Major international companies have required such provisions as a condition of investing in the Mexican oil and gas industry. President Nieto calls these energy reforms "the grand transformation" that aims at shoring up the Mexican economy, reducing violent crime, upending the public school system, and increasing tax collection, as Pemex's revenue funds a third of government operations.
How can an investor benefit from these reforms that will unlock Mexico's oil and gas potential? Which companies will benefit from the radical transformation of Mexico's energy sector? Being an early mover is a strategic advantage in cases like this, where the private investments go across the entire hydrocarbon value chain from drilling all the way down to refineries and pipelines.
Key Energy Services is an oilfield-services company with significant exposure to Mexico, where it generates almost 10% of its total revenue. Key's patented KeyView system has played a critical role in winning initial direct assignment from Pemex because it delivers cost reductions to customers while improving safety and efficiency.
However, the company's presence in Mexico was problematic in 2013 because of the extreme dependence on its work with Pemex.
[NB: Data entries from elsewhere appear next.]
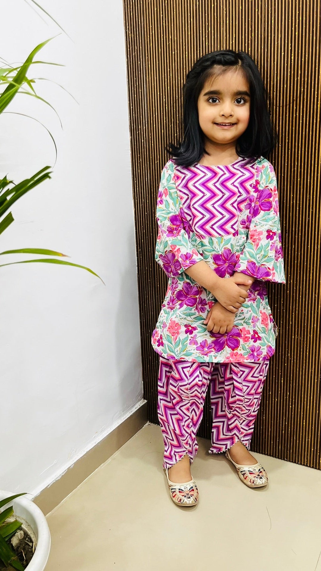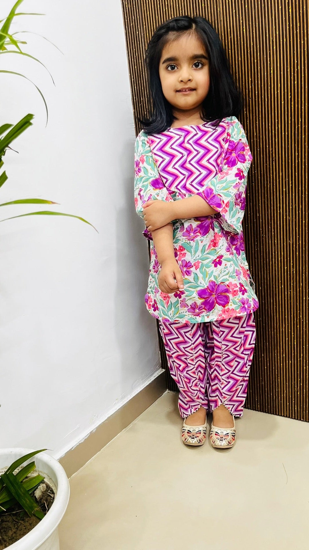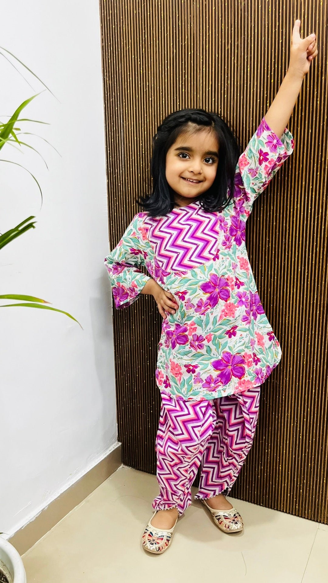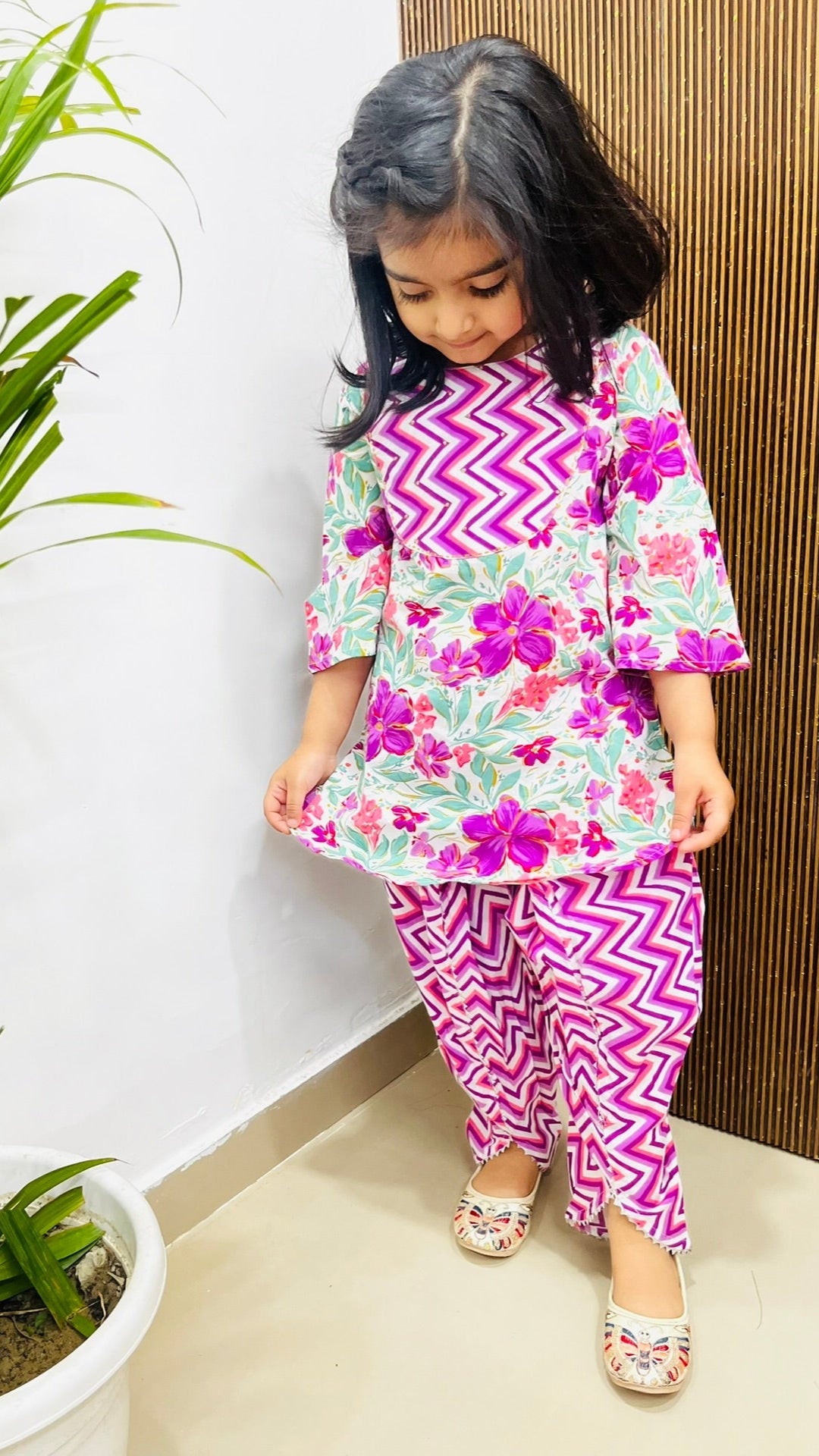 The relaxed silhouette makes room for every twirl and giggle, while the delicate design adds a touch of desi chic to her wardrobe.
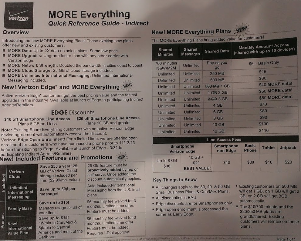 According to multiple sources of ours, tomorrow morning, Verizon will unleash its response to the recent changes made by both T-Mobile and AT&T. Big Red is going to announce new “MORE Everything” plans that aim to give customers more data at no extra cost, doubled bandwidth, free 25GB of cloud storage, and unlimited international messaging. If you are a part of Verizon’s EDGE upgrade program, you will see extra discounts on your line access as well, which could vary depending on the amount of data you are signed up for.
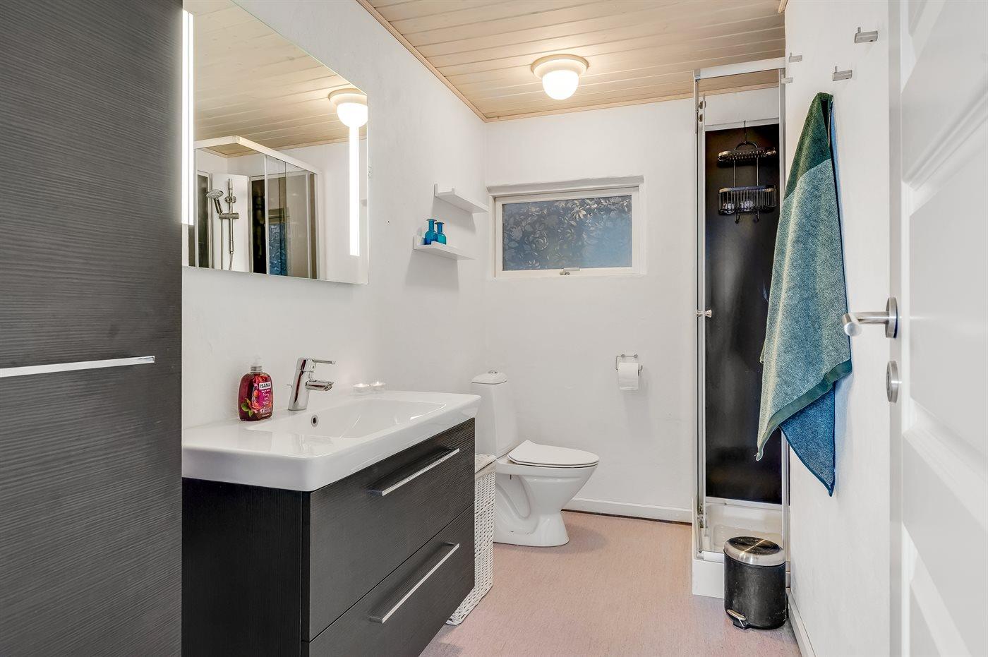 Der er 1 badeværelse med bruseniche og 1 toilet.

Revenue and margins were adversely affected by Pemex's budgetary constraints, and Key had to reduce its operating costs as the utilization rate of its Mexican rigs dropped to approximately 50%. Nevertheless, Key estimates that this disruption is short term, and management expects their Mexican services to come alive in early 2014 because a significant backlog of wells in the area will soon need servicing.
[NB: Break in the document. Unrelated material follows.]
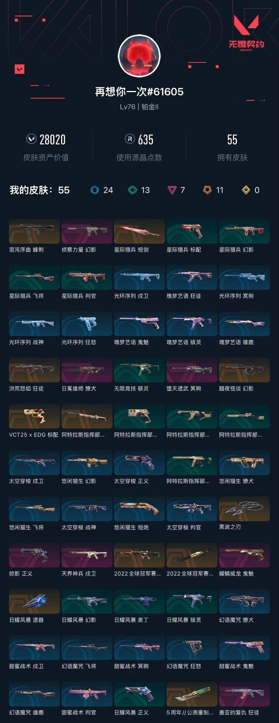 [14577732]【套装】:2022全球冠军赛套装 【英雄】:幻棱,炼狱,维斯,暮蝶,壹决,捷风,不死鸟,贤者,猎枭,蝰蛇,零,芮娜,夜露,盖可 【近战 武器】:近战武器-2022全球冠军赛 蝴蝶刀,近战武器-5周年//公测重制版 苍龙之刃,近战武器-黑波之刃,近战武器-日耀风暴 遗器,近战武器-阿特拉斯指挥部 甩棍,近战武器-星际猎兵 短剑 【狂徒】:狂徒-洪荒怒焰,狂徒-盖亚的复仇 【幻影】:幻影-2022全球冠军赛,幻影-黯夜怪谈,幻影-侦察力量 【戍卫】:戍卫-天界神兵 【獠犬】:獠犬-日冕雄师 【冥驹】:冥驹-堕天遗武 【骇灵】:骇灵-无限竞技 【蜂刺】:蜂刺-混沌序曲 【vct手呛】:标配-vct25 x edg 【正义】:正义-掠影 【鬼魅】:鬼魅-耀鳞威龙 【卡面】:红鳞松叶 卡面,clutch 卡面,无畏契约go!第一卷:芮娜 卡面,无畏契约go!第一卷:零 卡面,《双城之战》金克丝 卡面,钢锁vs盖可 卡面,代号红色 卡面,新兵报到 卡面,v契约 卡面,无畏契约 卡面 【喷漆】:新潮流 喷漆,买装还是存钱 喷漆,关门放狗 喷漆,胜利属于无畏契约 喷漆,glhf 喷漆,无畏契约 喷漆 【挂饰】:猫猫木乃伊 挂饰,无畏契约go!第一卷 零 挂饰,薰衣草之心 挂饰,vct x edg 挂饰,天外飞客 挂饰,红鳞松叶 挂饰,无畏契约 纪念币 挂饰
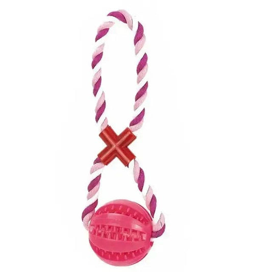 Pink Ball Fuchsia & White Hemp Rope Toys Treat Interactive Rubber Leaking Balls for Small Dogs Chewing Bite Resistant Pet Tooth Cleaning

Mexico's current pipeline network is clearly insufficient, and TransCanada is well positioned to benefit from this lack of infrastructure. In the 1990s, TransCanada built the Mayakan and the El Bajio pipelines, which were the first non-Pemex pipelines in Mexico.
In 2009, TransCanada was the successful bidder on a contract to build, own, and operate the Guadalajara pipeline in Mexico. The Guadalajara pipeline followed a 193-mile route from Mexico's Pacific Coast to Guadalajara, the second largest city in Mexico. This Canadian firm also owns and operates the Tamazunchale Pipeline in central Mexico.
TransCanada's CEO sees opportunities to build new oil pipelines in Mexico and emphasizes the company's expertise in "startling topography," which includes difficult terrain and mountain ranges.
The reevaluation of budgeting by Pemex hit TETRA Technologies too. TETRA provides a wide variety of oilfield services and saw a significant reduction in its Mexican activities in the first half of 2013. Things started to change in the third quarter of 2013 when TETRA saw a slow increase in activity. It expects this trend to continue through Q4 2013 and into 2014. TETRA is optimistic and remains confident that Mexico will be a major contributor to the company's growth in the intermediate-to-long term.
TETRA is also the majority owner and general partner in Compressco Partners. When TETRA opens the door with a customer through production testing or other services, Compressco follows up with well enhancement services. In 2013, Compressco continued its international expansion to liquids-rich shale plays and invested significant capital in Mexico, where it anticipates a slow recovery effective 2014.
Foolish bottom line
Despite Mexico's untapped deposits in shale-rock formations, Mexico's nationalistic approach has resulted in an energy shortage amid booming industrial demand and dwindling output from the domestic oil and gas fields. Fortunately, Mexico took the decision to make some reforms and allow more experienced foreign players to develop its resources. This stunning change can trigger an economic boom in Mexico and materially affect the operations of the companies mentioned above.